レモン●個分のビタミンC配合!←実はそんなにスゴくないことが判明
写真素材ぱくたそ
こんにちは。管理栄養士の圓尾(まるお)です。
(はじめての方は、こちらからどうぞ)
「レモン●個分のビタミンC配合」
といった表示、よく見ますよね。
これだけ見ると、
「何だかスゴそう!」という印象を受けますが、本当にそうでしょうか。
今回は、栄養成分の表示について見ていきたいと思います。
レモン●個分のビタミンCは本当にスゴい?
レモン一個分のビタミンC量
まず、「レモン一個に含まれるビタミンC量」について確認しましょう。
清涼飲料業界では、この表示に関してガイドラインが設けられています。
【 参考 】「レモン果実一個分のビタミンC量」表示ガイドライン – 一般社団法人全国清涼飲料工業会
実は、レモン一個分のビタミンCは、
レモンを丸ごと一個食べた時に摂取できるビタミンC量ではありません。
そうではなく、レモン一個を絞って得られた果汁に含まれるビタミンC量のことです。
まあ、確かにレモンを丸ごと一個皮ごと食べることって、普通はないですもんね。
そして、レモン一個を絞って得られる果汁に含まれるビタミンC量は20mgです。
(レモン一個が120g → そこから得られる果汁は36g → 果汁に含まれるビタミンC量が約20mgとなります)
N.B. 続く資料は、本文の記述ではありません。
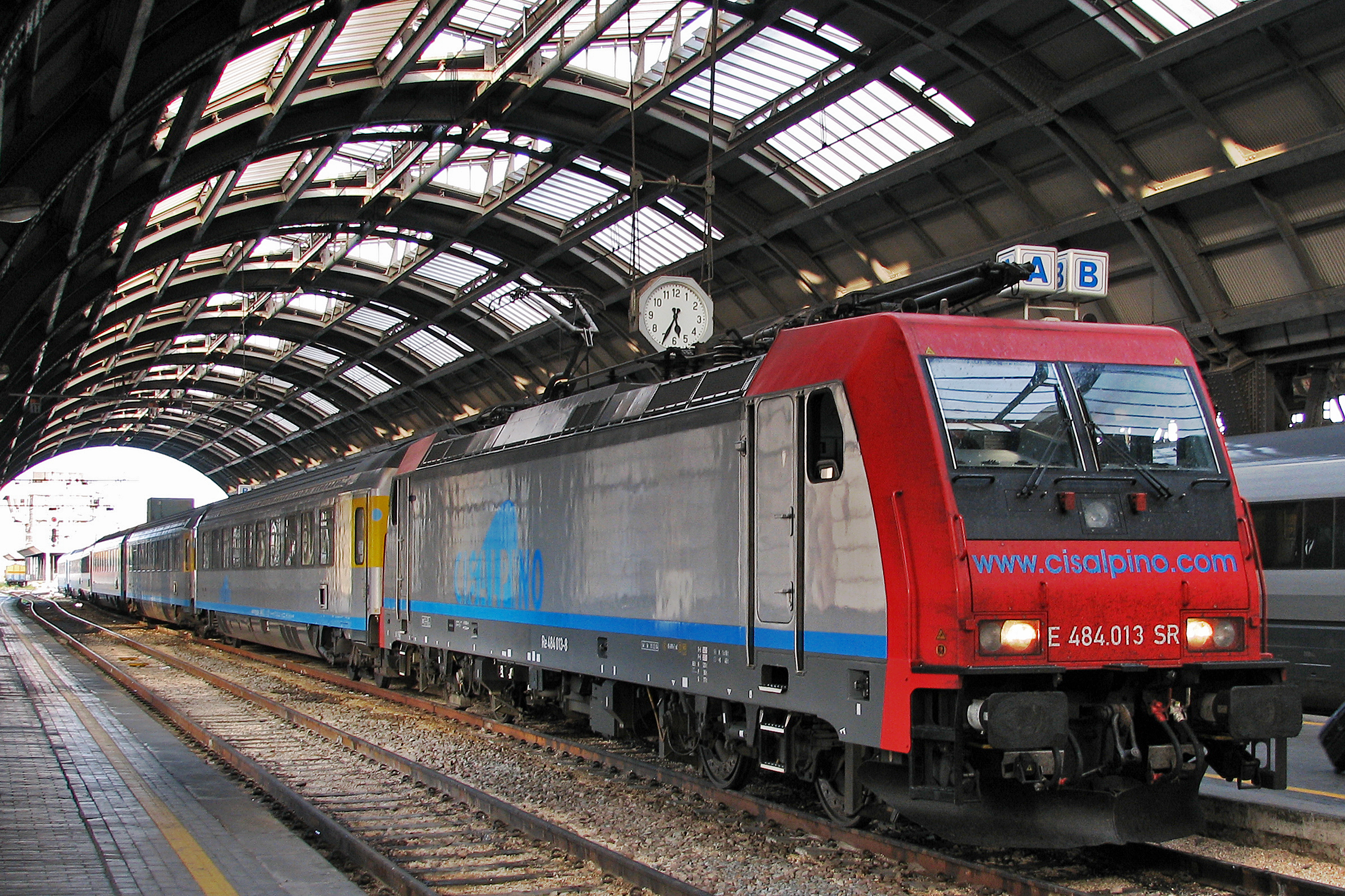 SBB Carge Re 484.013 (alias E.484.013) leased by Cisalpino just arrived in Milano Centrale with the EC 133 "Verbano" coming from Basel SBB.
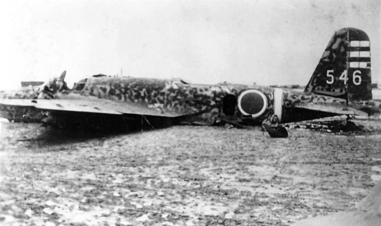 Japanese Ki-21 of Daisan Dokuritsu Hikotai at Yontan Airfield, 25 May 1945.
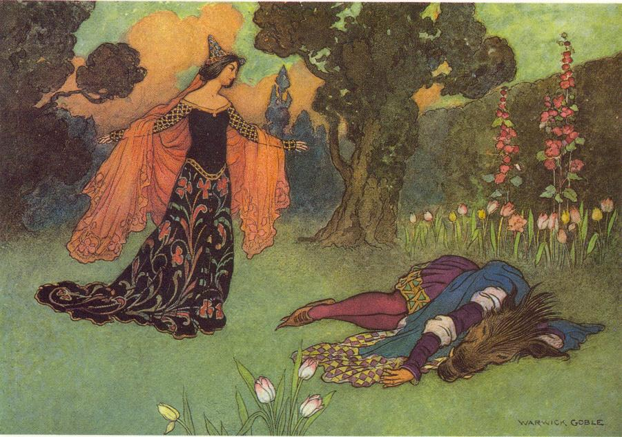 An illustrátion by Warwick Goble for Beauty and the Beast, 1913.
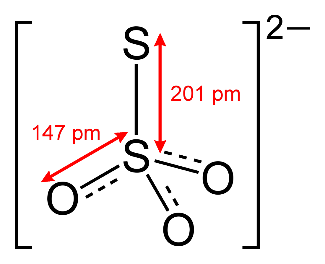 Structure of the thiosulfate ion
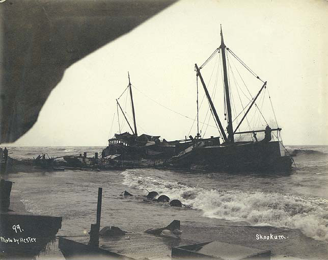 Wrecked possibly as a result of the storm damage . Caption on image: "Skookum/Photo by Hester" No. 99 appears in lower left hand corner of image Subjects (LCTGM): Ships--Alaska--Nome; Storm--Alaska--Nome; Shipwrecks--Alaska--Nome Subjects (LCSH): Skookum (Ship)
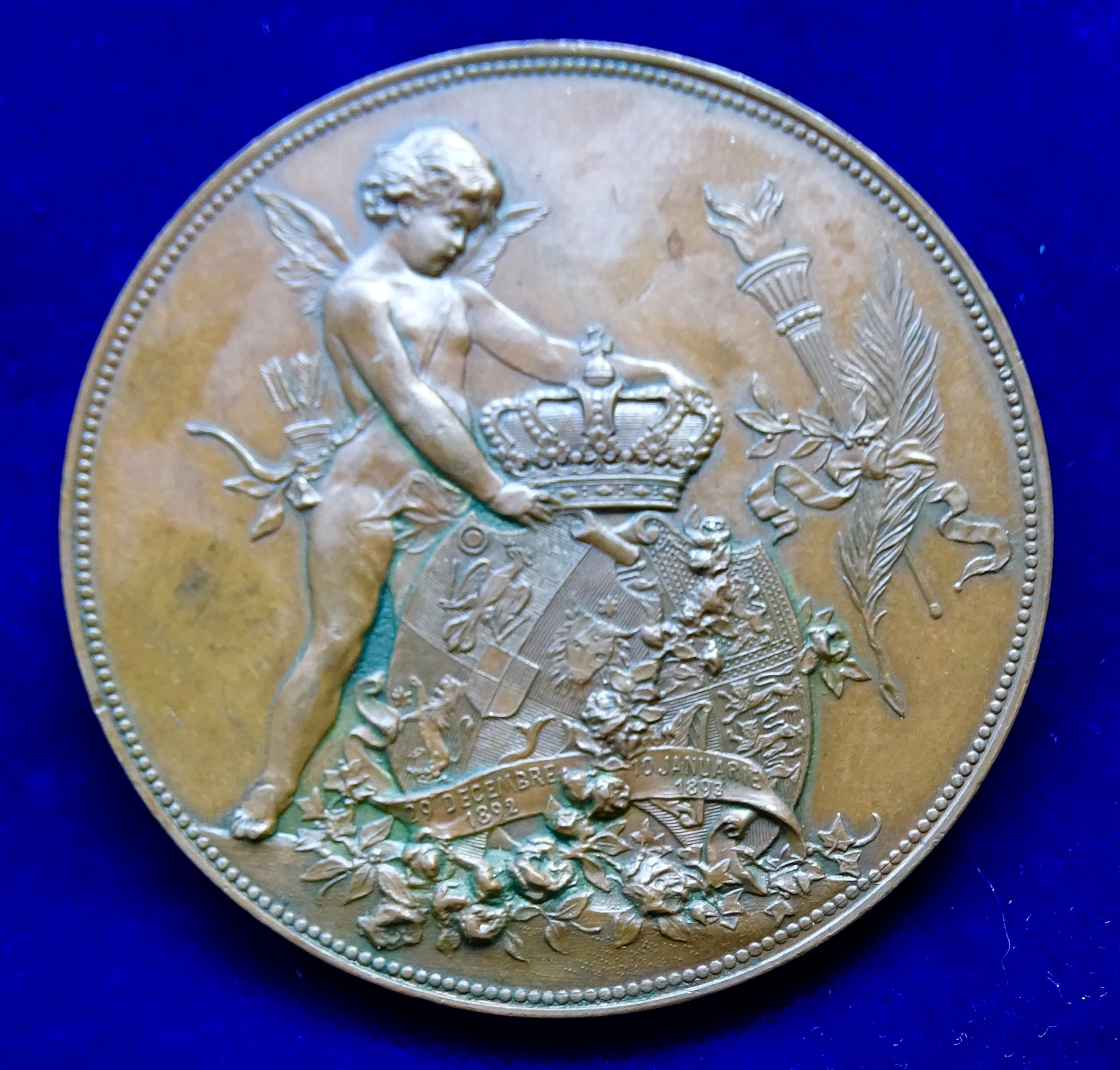 This wedding took place in Sigmaringen, Württemberg, Germany, the place of birth of Ferdinand I. Bronze medallion d. = 50 mm. Ferdinand I (Ferdinand Viktor Albert Meinrad), King of Romania, 1914- 1927 and Maria, Alexandra Victoria, Princess Marie of Edinburgh, 1875 Eastwell Park, Kent, England - Pelișor Castle, Sinaia, Romania. Queen Victoria of the United Kingdom of Great Britain and Ireland was her grandmother. Conjoined busts l., 2 lines around: "* FERDINAND PRICIPE MOSTENITOR * AL ROMANIEI * MARIA PRICIPESA DE MAREA BRITANIA * SI IRLANDA"/ Cupid crowning the royal coat of arms of Romania and Great Britain. On ribbon below: "29 DECEMBRE 1892 10 JANUARIE 1983". Wurzbach 2074. Eimer 1779. Medallist: A. (Anton) Scharff, 1845 Wien - 1903 Brünn, Austria Condition: EXTREMELY FINE, little tarnish.
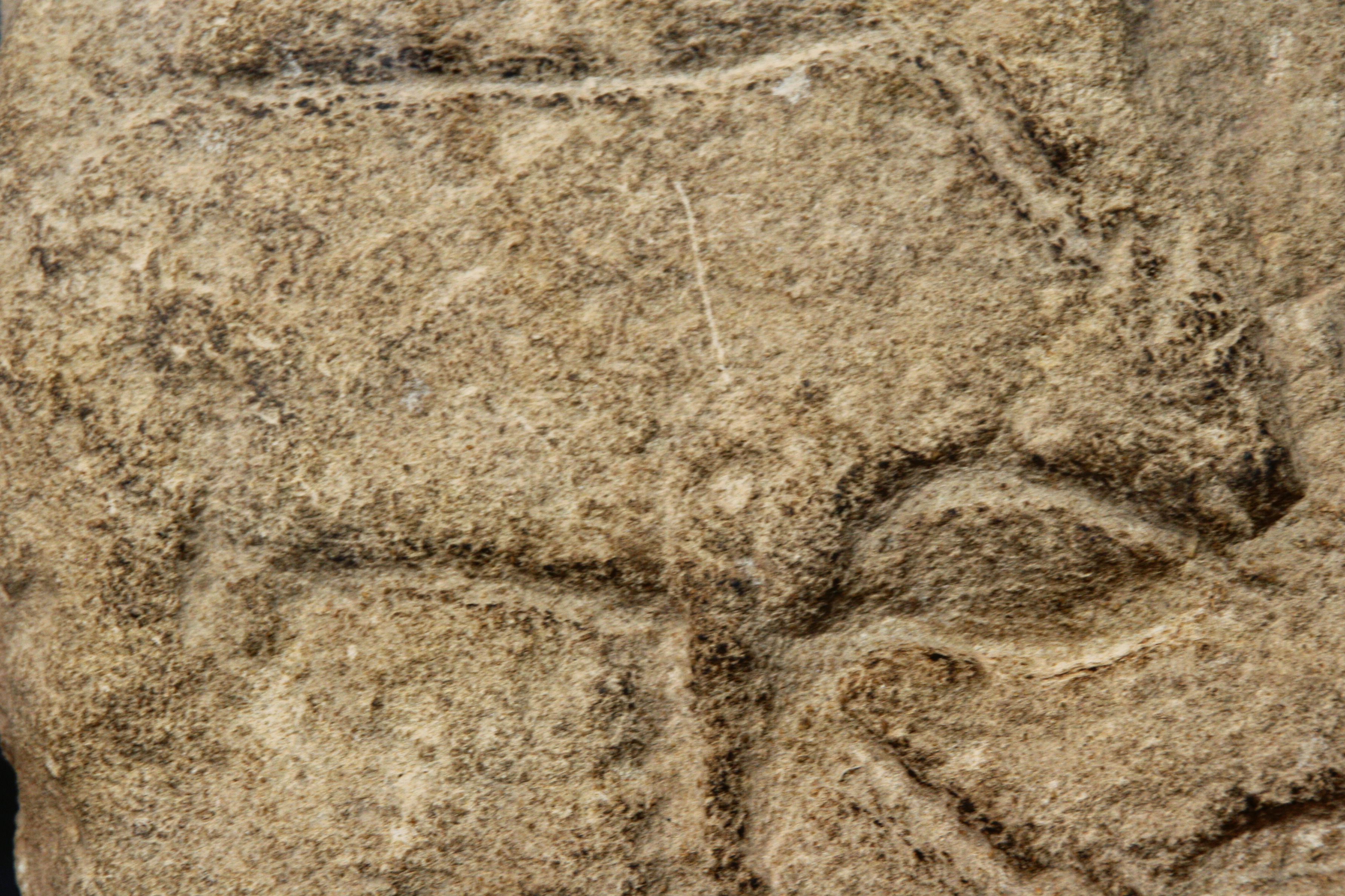 Auroch found in Laugerie Basse rockshelter, Les Eyzies-de-Tayac, Dordogne, France. It can be viewed in the National Prehistory Museum in Les Eyzies-de-Tayac.
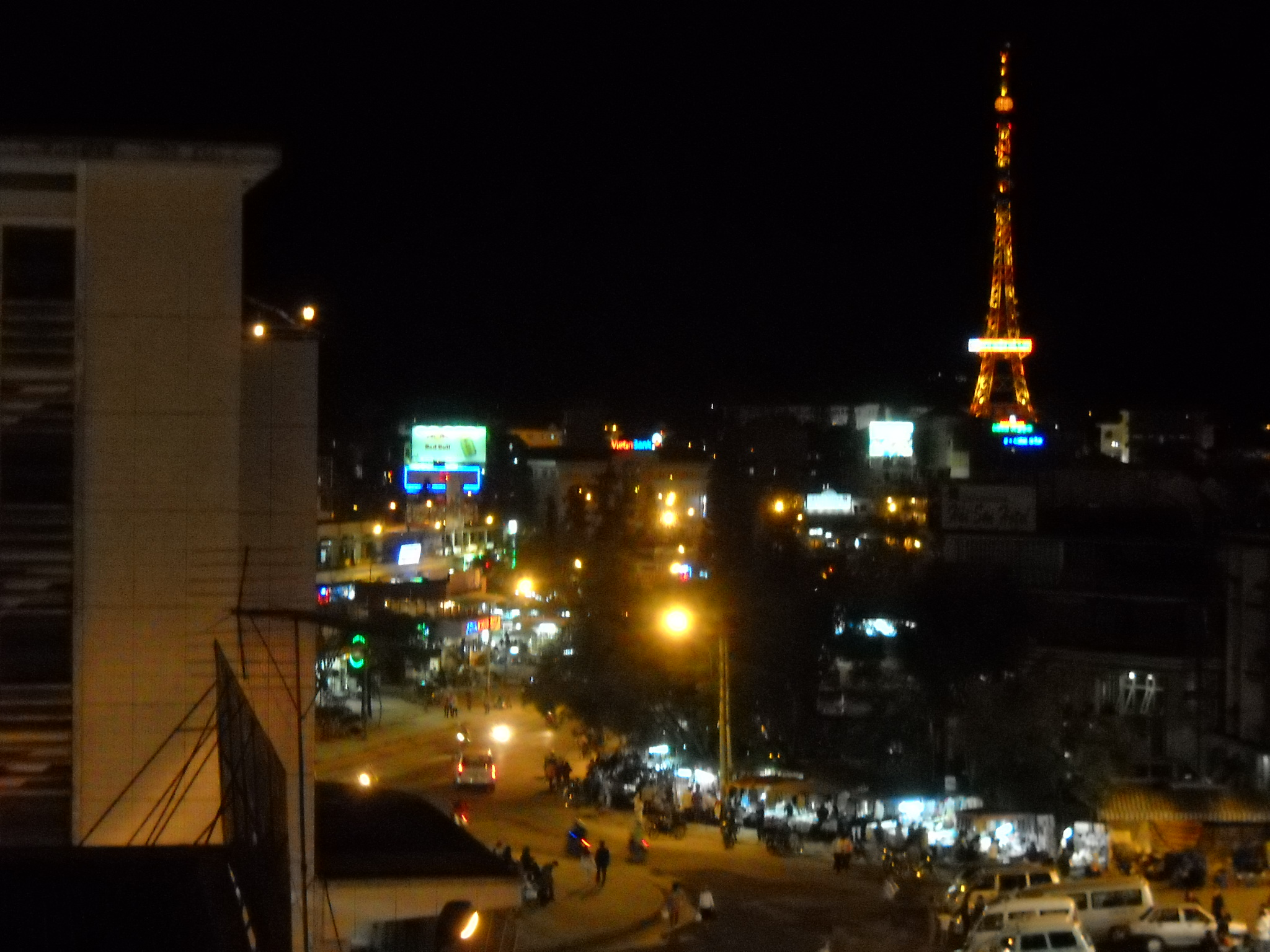 The night view of Da Lat
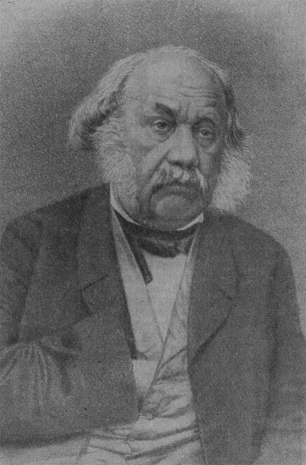 Nicolai Stepanovitch Turczaninow

ビタミンCは一日に100mgとることが勧められていますので、
20mgというのは、まずまずの量と言えます。
では、他の食べものにはどれぐらいのビタミンCが含まれているのでしょうか。
レモン以外の食べものに含まれるビタミンC量
ビタミンCを豊富に含む食べものの、それぞれ100g当たりのビタミンC量をあげると、
- いちご・・・62mg
- レモン果汁・・・50mg
- みかん・・・32mg
- じゃがいも・・・35mg
- ほうれん草・・・35mg
となります。
なるほど、確かにレモン果汁に含まれるビタミンCは多いですね。
ただ、これは食品100g当たりの量です。
それぞれ、100gがどれぐらいの量になるなのかというと、
- いちご・・・6粒
- みかん・・・1個
- じゃがいも・・・1個
- ほうれん草・・・1/2把
(※ 大きさのバラつきがあるので、あくまで目安です)
となります。
まあ、日常的に食べるような量なので、想像しやすいですね。
さて、ではここでちょっと考えてみてほしいのですが、
そもそも、日常生活でレモン果汁を100ml飲むことはあるでしょうか。
レモンをとる時って、
ちょっと果汁を絞って味付けに使ったり、スライスして料理に添えるぐらいですよね。
普通、レモンを複数個摂取する機会なんてありません。
なので、確かにレモン果汁には多くのビタミンCが含まれていますが、
他のビタミンCが豊富な食材と比べると、日常的に食べる量が圧倒的に少ないのです。
想像しづらいのが逆に良い?
こうなると、次の疑問が浮かびます。
「なぜ日常的に多くとる食べものでないレモンをビタミンC量の基準として採用したのか」
こっからは完全に僕の意見なのですが、
おそらく、レモンで表現した方が、与える印象が強烈になるからだと思います。
どういうことかというと、
ビタミンCを100mgとるためには、
いちごなら10粒、みかんなら2個とれば足ります。
しかし、これがレモンだと、5個とらないといけません。
いちご10粒、みかん2個、そしてレモン5個。
どうでしょう?
レモン5個だけ常識的な量をはるかに超えていますよね。
つまり、同じビタミンCの量を表現するのに、
レモンを使った方が消費者に量の多さを印象付けやすいのです。
「これ一粒でいちご10粒分のビタミンC!」
と言われると、「いつも食べてる量だな」となりますが、
「これ一粒でレモン5個分のビタミンC!」
となると、「レモン5個も食べるの大変だけど、これなら一粒でいいのか。スゴい!」となっちゃいます。
ありがたみが全然違いますね。
まとめ
いかがだったでしょうか。
「レモン●個分」をいう表現はウソではないですし、確かにレモン自体はビタミンCが多いです。
しかし、言葉のトリックに騙されると、事実を正しく認識できなくなってしまいます。
商品のパッケージに踊るさまざまな栄養成分に関する表現。
その本当に意味するところを知って、賢い選択ができるようになりましょう。